1.) The servers in question are located in two tier 1 datacenters with great, wide internet pipes.

2.) If we RDP onto servers in Data Center #1, we can run SpeedTest.NET test and get hundreds of meg down/up

3.) If we download a CentOS ISO image (basically a big file) on a server, we can get between 6 - 20 Megabytes/sec bandwidth

4.) If we connect to a web server we run on a FreeBSD 9.0 server (also in the data center) from another datacenter (so, freebsd in dc #1, windows server in dc #2) and download a big file (100s of MB) we also get great performance. (again, many megabytes/sec)

5.) If we connect from a server in DC #1 to another windows server in DC #1 we get awesome performance (nearly 1gb/sec).

6.) If we connect from a windows server box in DC#1 to a windows server box in DC#2 we get ~450 kilobytes/sec (really poor throughput). but we can open multiple browsers/windows and download as many times as we want (simultaneously) and still get exactly the same 450 kb/sec.

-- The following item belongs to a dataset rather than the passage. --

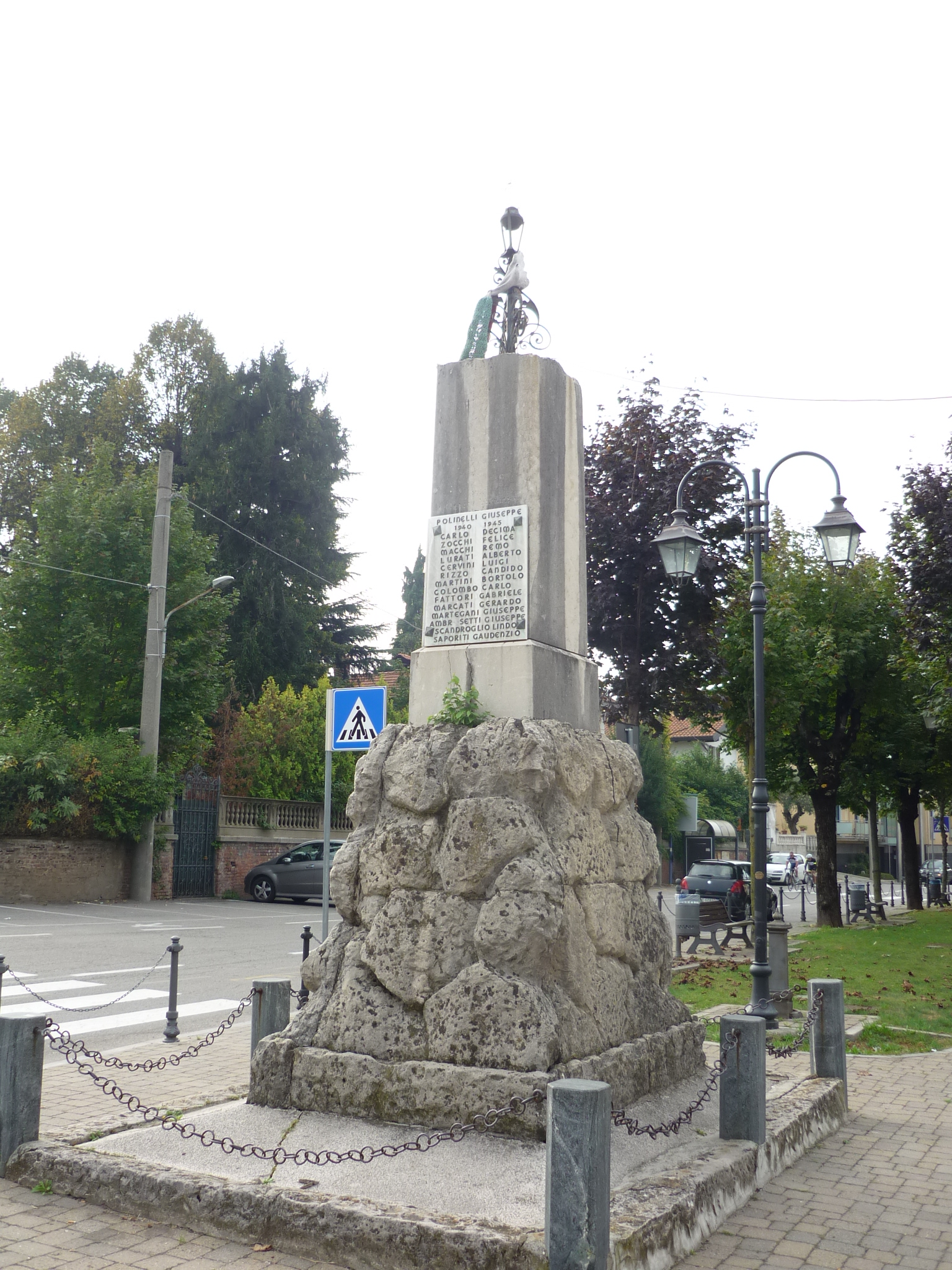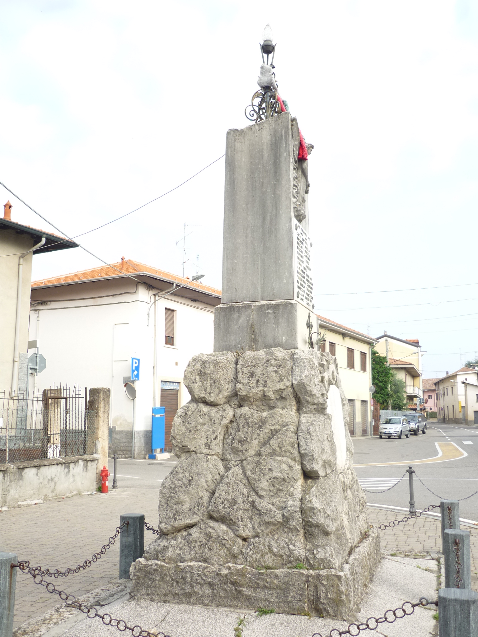 Monumento dedicato ai caduti della prima e della seconda guerra mondiale; compare la lista dei caduti. Sulla sommità del monumento è presente una lampada votiva; anteriormente, rilievo con la raffigurazione della Vittoria Alata che porta una corona di alloro. L’area del monumento ai caduti è delimitata da una serie di pilastrini collegati tra loro da catene in ferro

  1. We ran NTTTCP and a windows port of netperf between windows servers in DC#1 and DC#2 and, in every case we can find, we get the same throughput (~450 kb/sec) on each download.

8.) We ran a whole bunch of other tests that allow us to conclusively eliminate firewalls etc. as the source of our issue (also, see test 4, as the FreeBSD server is communicating though the same [hardware] stack as the windows servers...)

We tried disabling the TCP window scaling on a pair of windows servers to no effect.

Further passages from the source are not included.